Harmonic mean - used when statistical information does not contain data on weights for individual variants of the population, but the products of the values ​​of the varying attribute by the corresponding weights are known.

The general formula for the harmonic weighted average is as follows:

x - the value of the variable feature,

w is the product of the value of the varying feature by its weight (xf)

For example, three batches of product A were purchased at different prices (20, 25 and 40 rubles). The total cost of the first batch was 2000 rubles, the second batch was 5000 rubles, and the third batch was 6000 rubles. It is required to determine the average unit price of A.

The average price is determined as the quotient of dividing the total cost by the total amount of purchased goods. Using the harmonic mean, we get the desired result:


In the event that the total volume of phenomena, i.e. the products of feature values ​​by their weights are equal, then the simple harmonic mean is applied:

x - individual values ​​of the characteristic (variants),

n is the total number of options.

Example. Two cars traveled the same path: one at a speed of 60 km / h, and the other at 80 km / h. We take the length of the path that each car has traveled as a unit. Then the average speed will be:

The harmonic mean has a more complex construction than the arithmetic mean. The harmonic mean is used for calculations when not the aggregate units - the carriers of the feature - are used as weights, but the product of these units by the feature values ​​(i.e., m = Xf). The average harmonic downtime should be resorted to in cases of determining, for example, the average cost of labor, time, materials per unit of production, per one part for two (three, four, etc.) enterprises, workers engaged in the manufacture of the same type of product , the same part, product.

Methods for calculating the arithmetic mean (simple and weighted arithmetic mean, by the method of moments)

We determine the average values:

Fashion (Mo) = 11, because this variant occurs most often in the variation series (p = 6).

Median (Me) is the ordinal number of the variants occupying the middle position = 23, this place in the variation series is occupied by the variant equal to 11. The arithmetic mean (M) allows the most complete characterization of the average level of the trait under study. To calculate the arithmetic mean, two methods are used: the arithmetic mean and the moments method.

If the frequency of occurrence of each variant in the variation series is equal to 1, then the arithmetic simple mean is calculated using the arithmetic mean method: M =.
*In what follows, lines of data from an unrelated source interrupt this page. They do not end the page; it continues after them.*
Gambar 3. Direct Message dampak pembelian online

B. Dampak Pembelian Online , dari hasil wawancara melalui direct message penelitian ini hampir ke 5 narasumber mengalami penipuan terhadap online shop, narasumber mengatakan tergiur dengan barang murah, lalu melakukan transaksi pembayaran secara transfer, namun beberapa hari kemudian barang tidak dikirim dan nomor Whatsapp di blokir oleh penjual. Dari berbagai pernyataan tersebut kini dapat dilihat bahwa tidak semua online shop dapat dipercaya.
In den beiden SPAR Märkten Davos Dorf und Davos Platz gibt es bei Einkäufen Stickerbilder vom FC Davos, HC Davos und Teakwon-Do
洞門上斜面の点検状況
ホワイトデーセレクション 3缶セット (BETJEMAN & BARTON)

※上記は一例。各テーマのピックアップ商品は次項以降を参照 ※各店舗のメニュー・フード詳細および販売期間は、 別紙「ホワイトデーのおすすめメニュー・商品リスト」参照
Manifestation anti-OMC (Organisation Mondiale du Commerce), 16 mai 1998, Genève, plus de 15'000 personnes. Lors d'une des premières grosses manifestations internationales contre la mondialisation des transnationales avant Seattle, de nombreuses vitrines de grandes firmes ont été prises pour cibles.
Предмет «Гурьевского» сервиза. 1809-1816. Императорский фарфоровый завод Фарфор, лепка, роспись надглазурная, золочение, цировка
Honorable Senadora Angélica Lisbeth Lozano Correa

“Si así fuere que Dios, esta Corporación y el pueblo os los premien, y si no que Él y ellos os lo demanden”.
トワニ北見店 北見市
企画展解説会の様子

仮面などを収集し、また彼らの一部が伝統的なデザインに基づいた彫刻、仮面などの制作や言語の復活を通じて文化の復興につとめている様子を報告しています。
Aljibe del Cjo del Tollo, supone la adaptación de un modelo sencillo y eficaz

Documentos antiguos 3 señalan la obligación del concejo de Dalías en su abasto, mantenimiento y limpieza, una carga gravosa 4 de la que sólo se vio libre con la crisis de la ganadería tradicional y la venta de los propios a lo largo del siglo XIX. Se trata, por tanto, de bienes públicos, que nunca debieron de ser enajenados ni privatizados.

If the frequency of occurrence of a variant in the variation series differs from 1, then the weighted arithmetic mean is calculated using the arithmetic mean method:

By the method of moments: A - conditional average,

M = A + = 11 + = 10.4 d = V-A, A = Mo = 11

If the number of variants in the variation series is more than 30, then a grouped series is built. Building a grouped row:

1) determination of Vmin and Vmax Vmin = 3, Vmax = 20;

2) determination of the number of groups (according to the table);

3) calculating the interval between groups i = 3;

4) determination of the beginning and end of the groups;

5) determination of the frequency of the variant of each group (table 2).

table 2

Method for constructing a grouped row

Duration

treatment in days

n = 45 p = 480 p = 30 2 p = 766

The advantage of the grouped variation series is that the researcher does not work with every option, but only with the options that are the average for each group. This makes it much easier to calculate the average.
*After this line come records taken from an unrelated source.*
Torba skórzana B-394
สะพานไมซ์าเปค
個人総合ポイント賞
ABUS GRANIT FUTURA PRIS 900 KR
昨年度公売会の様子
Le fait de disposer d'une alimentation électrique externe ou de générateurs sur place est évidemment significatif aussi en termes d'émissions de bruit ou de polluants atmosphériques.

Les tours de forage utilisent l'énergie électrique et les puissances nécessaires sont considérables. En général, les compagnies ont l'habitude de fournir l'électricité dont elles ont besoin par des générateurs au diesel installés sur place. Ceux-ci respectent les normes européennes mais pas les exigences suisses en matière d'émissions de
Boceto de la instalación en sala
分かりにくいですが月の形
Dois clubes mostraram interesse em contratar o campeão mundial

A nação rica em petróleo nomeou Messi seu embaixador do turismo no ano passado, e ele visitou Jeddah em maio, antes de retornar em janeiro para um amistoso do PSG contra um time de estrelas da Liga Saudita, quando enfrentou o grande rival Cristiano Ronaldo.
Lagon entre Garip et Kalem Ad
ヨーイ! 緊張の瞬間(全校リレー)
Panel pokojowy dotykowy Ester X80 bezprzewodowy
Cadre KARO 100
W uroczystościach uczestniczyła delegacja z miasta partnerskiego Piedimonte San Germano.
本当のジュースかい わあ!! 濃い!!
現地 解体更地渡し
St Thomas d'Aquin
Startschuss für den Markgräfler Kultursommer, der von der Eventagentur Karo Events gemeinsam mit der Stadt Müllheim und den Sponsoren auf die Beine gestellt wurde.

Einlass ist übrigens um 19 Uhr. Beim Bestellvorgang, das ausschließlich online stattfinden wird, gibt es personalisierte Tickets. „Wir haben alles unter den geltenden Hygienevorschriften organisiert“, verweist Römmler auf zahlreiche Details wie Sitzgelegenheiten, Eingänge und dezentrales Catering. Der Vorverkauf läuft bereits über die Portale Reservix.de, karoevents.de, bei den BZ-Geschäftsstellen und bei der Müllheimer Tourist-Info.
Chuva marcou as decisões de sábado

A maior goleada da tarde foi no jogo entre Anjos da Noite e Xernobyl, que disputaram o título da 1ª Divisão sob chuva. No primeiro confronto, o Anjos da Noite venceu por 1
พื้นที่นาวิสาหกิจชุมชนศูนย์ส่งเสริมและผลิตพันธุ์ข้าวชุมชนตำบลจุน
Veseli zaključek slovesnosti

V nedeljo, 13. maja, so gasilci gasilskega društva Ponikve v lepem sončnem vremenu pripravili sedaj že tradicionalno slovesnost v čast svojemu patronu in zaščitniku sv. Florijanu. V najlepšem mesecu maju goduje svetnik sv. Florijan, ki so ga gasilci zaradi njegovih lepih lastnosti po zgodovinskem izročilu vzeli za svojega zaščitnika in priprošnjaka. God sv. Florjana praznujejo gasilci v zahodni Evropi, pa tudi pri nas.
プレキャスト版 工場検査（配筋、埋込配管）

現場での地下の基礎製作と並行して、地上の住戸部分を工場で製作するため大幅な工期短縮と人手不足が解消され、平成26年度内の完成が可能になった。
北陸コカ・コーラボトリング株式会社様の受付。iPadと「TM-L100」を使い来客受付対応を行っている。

The magnitude of a particular feature is not the same for all members of the population, despite its relative homogeneity. This feature of the statistical population characterizes one of the group properties of the general population - variety of trait... For example, let's take a group of 12 year old boys and measure their height. After the calculations, the average level of this trait will be 153 cm. But the average characterizes the overall measure of the trait under study. Among boys of this age, there are boys whose height is 165 cm or 141 cm. The more boys have a height other than 153 cm, the greater the diversity of this feature in the statistical population.
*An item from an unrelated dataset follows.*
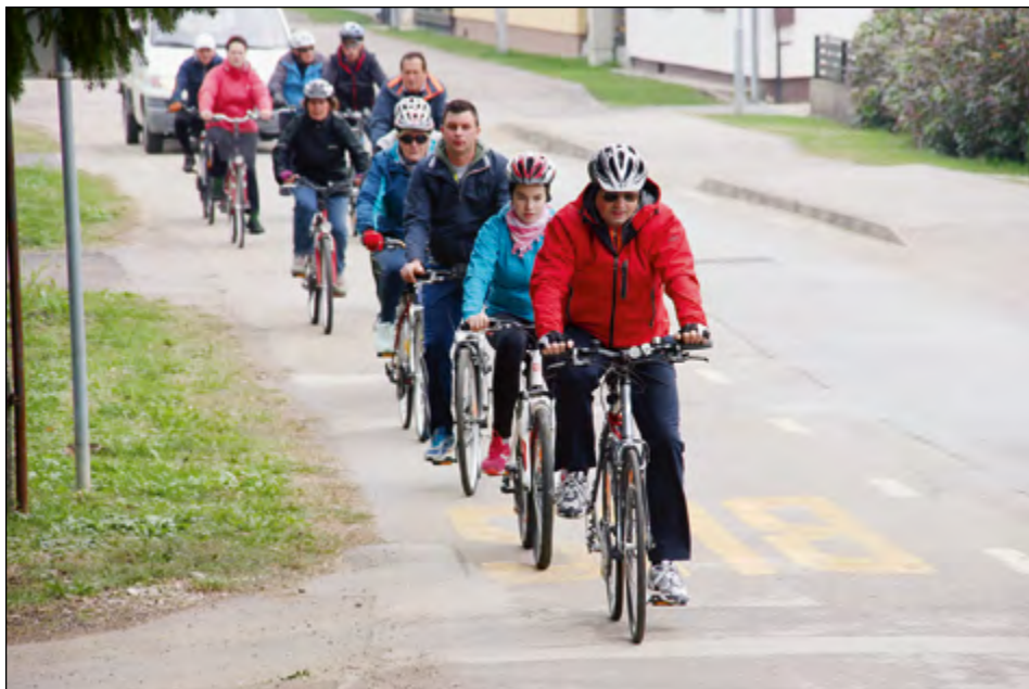
Kolesarje smo v objektiv ujeli v Gerečji vasi.

Vaški odbor Slovenja vas in PGD Slovenja vas sta v počastitev občinskega praznika organizirala tradicionalni kolesarski dogodek, ki ga je letos spremljalo oblačno vreme, a temperature so bile kot nalašč za vožnjo s kolesom.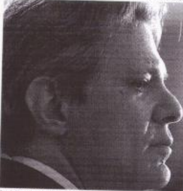
O ministro comparou as regras propostas com o regime de metas de inflação, estabelecido pelo Conselho Monetário Nacional (CMN).

Statistics allows you to characterize this property by the following criteria:

limit (lim),

amplitude (Amp),

standard deviation ( y) ,

coefficient of variation (Cv).

Limit (lim) is determined by the extreme values ​​of the variant in the variation series:

lim = V min / V max

Amplitude (Amp) - difference of extreme options:

Amp = V max -V min

These values ​​take into account only the diversity of the extreme variants and do not allow obtaining information about the diversity of the trait in aggregate, taking into account its internal structure. Therefore, these criteria can be used to roughly characterize the diversity, especially with a small number of observations (n<30).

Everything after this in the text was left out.